In pursuit of quick without dirty
By Jamie Shacklock, ZappiStore
Seeking to do things quicker and more profitably, cutting corners without compromising quality, doing a job well enough. For many of us, these are often necessity in the modern world, regardless of the industry or circumstance we're in. The world is getting faster. It will continue to get faster. Market Research is no different.
But this is not a new trend, nor are our attempts at leveraging technology to meet the challenge through some degree of automation. For years the industry has waged cold war against the automation of machines, believing itself an intrinsically human business and scoffing at the errors made by our computer friends. And often rightly so. Quality is key in our game. If we haven't moved a client forward, then what really was the point?
So in a value driven industry, quick and dirty often helps no one, but we rarely have the luxury of doing long and perfectly clean either. Left to run wild, the research process can indeed be a long and arduous road. And whilst that long road may deliver an output we can be very proud of, the opportunity to deliver that all important value may well have gone, or we no longer have the space and time to deliver it effectively.
As research agencies, perhaps we're guilty of being a little too proud of our carefully honed data collection and visualisation techniques. After all, it's the part of the process that routinely damages our profit margin. It's fiddly, error strewn and prone to abuse from that demanding client who wants everything cut by everything else. All too often, the energy and creativity sunk into project design (not to mention the profit) has been drowned out by the drudgery of the rest of the process, such that by the time it comes to the all-important end game of actually moving a client's business forward, we're all a bit worn out. And the next client is waiting. How many business leaders have decreed that their star player must 'back off' from a project because there simply isn't the budget for them to be involved anymore? Our faultless execution of the process has, in the end, resulted in a 'dirty' output anyway.
But without a good process, there would be no good insight, so it's perhaps understandable that insight teams have often been reluctant to look to machines. However, as automated capability evolves, the benefits of doing it and doing it right are hard to ignore. Technology led businesses are giving focus to the component parts of the research process that offer the least opportunity for profit and require the smallest sprinkling of human fairy dust, and simply taking them out of the equation. Saving fortunes in money and time.
Automation is ready to take these tasks off our hands if we're careful with how we build our software. Sampling, data collection, tabulation and basic reporting can all now be easily handled by a machine; leaving the humans to think about smart research design and high end consultancy – the machine's input and output – where that fairy dust is still the difference between client retention and client inertia. And where the budget sheet smiles sweetly back at us. Not only that, weeks of manpower are replaced by hours of machine processing meaning we finally deliver for clients when they need it. Agencies will evolve into this new shape. Why wouldn’t they?
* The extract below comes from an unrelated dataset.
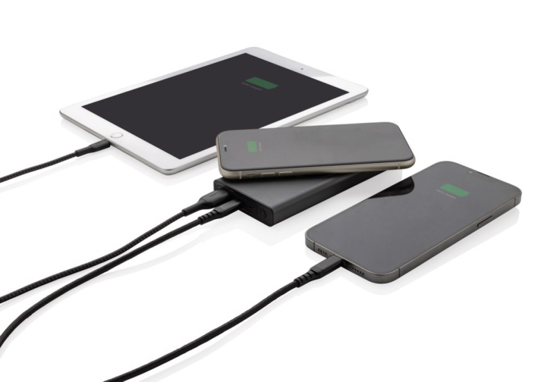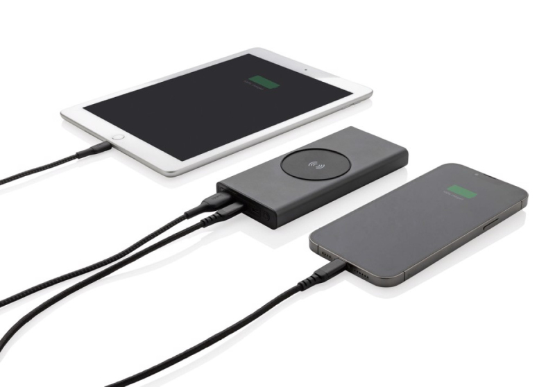 Ultra rychlá powerbanka s kapacitou 10 000 mAh a celkovým výkonem až 18 W. Vyrobená z recyklovaného hliníku a ABS plastu s RCS certifikací. RCS (Recycled Claim Standard) je globální standard, který umožňuje ověřit použití recyklovaného materiálu v produktu napříč celým dodavatelským řetězcem. Celkový podíl recyklátu dle váhy produktu: 28 %. Hliník při recyklaci nijak neztrácí své vlastnosti, lze jej tedy opakovaně recyklovat. Kvalitní lithium polymerová baterie řady A s kapacitou 10 000 mAh. USB C umožňuje nabíjení výkonem až 18 W a rychlé dobití powerbanky už za 3 hodiny. Dva dodatečné USB A výstupy. Bezdrátové nabíjení s výkonem 10 W. Světelné indikátory stupně nabití. Micro USB vstup: 5V/2A, 9V/2A, 12V/1.5A, USB C vstup: 5V/2A, 9V/2A, 12V/1.5A. USB výstup: 5/3A, 9V/2A. 12V/1.5A, USB C výstup: 5V/3A, 9V/2A, 12V/1.5A. Včetně USB C nabíjecího kabelu z RCS recyklovaného hliníku, TPE a PET. Baleno v FSC® dárkové krabičce. Výrobek je kompletně bez PVC.

Their old road is rapidly aging, as Bob Dylan once said.
If automation means we can have quick without dirty; or more than that – if it means quick can actually help clear our desks and make our output even cleaner than it was before, then the differentiator becomes the degree of quality an agency can provide. The focus will shift in a way that demonstrably benefits the end user. And not before time!
Skill-sets across the research agency will shift accordingly. The ties between research and academia are likely to grow closer, as we seek ever improved methods of extracting the truth for our project designs. This is no bad thing and often the reason graduates enter the trade in the first place. Consultants that can engage a client audience, translate the insights and help them build action out into their businesses will be at the centre of every successful agency business. The industry already realises that, but the consultants need to get even better. If they don't, client-side insight teams will find the temptation to bypass them for an automated solution, that they interpret and disseminate themselves, all too enticing.
Because client-side Marketing and Insight leads will be looking to their own balance sheet and driving their teams to skill-up and dispense with that highly paid research consultant. With quick and quality comes affordability, as machines cut out some of the time expense. Although that's inevitably a sensitive subject, it should encourage more research done, more often, by more businesses.
Our savvy clients will begin to understand the power in testing early and testing often. Building anything on a hunch will begin to seem like outdated folly, if a quick test costs a fraction of the old world price and gives results within the day. Clients might test an ad all the way through the phases of its design. SMEs will suddenly find price points for quality research output that they can work with. At ZappiStore, we are working closely with the vanguard of this movement.
But how long will these battle lines between machine and man stay put? Machine learning breaks new ground at a pace that the research industry is unaccustomed to. Its forays into design and consultancy can be limited and clumsy and the quality questionable, but the output gets better all the time. With news articles being written effortlessly by machines, some of which can be programmed to write with particular emotions like sarcasm, how long before they can do the job of the quality consultant? Probably a very long way. But the challenge has been laid down. Quick and quality is here and the research industry must think pragmatically about what level of quality is really required and whether a machine can lighten the load. It almost certainly can.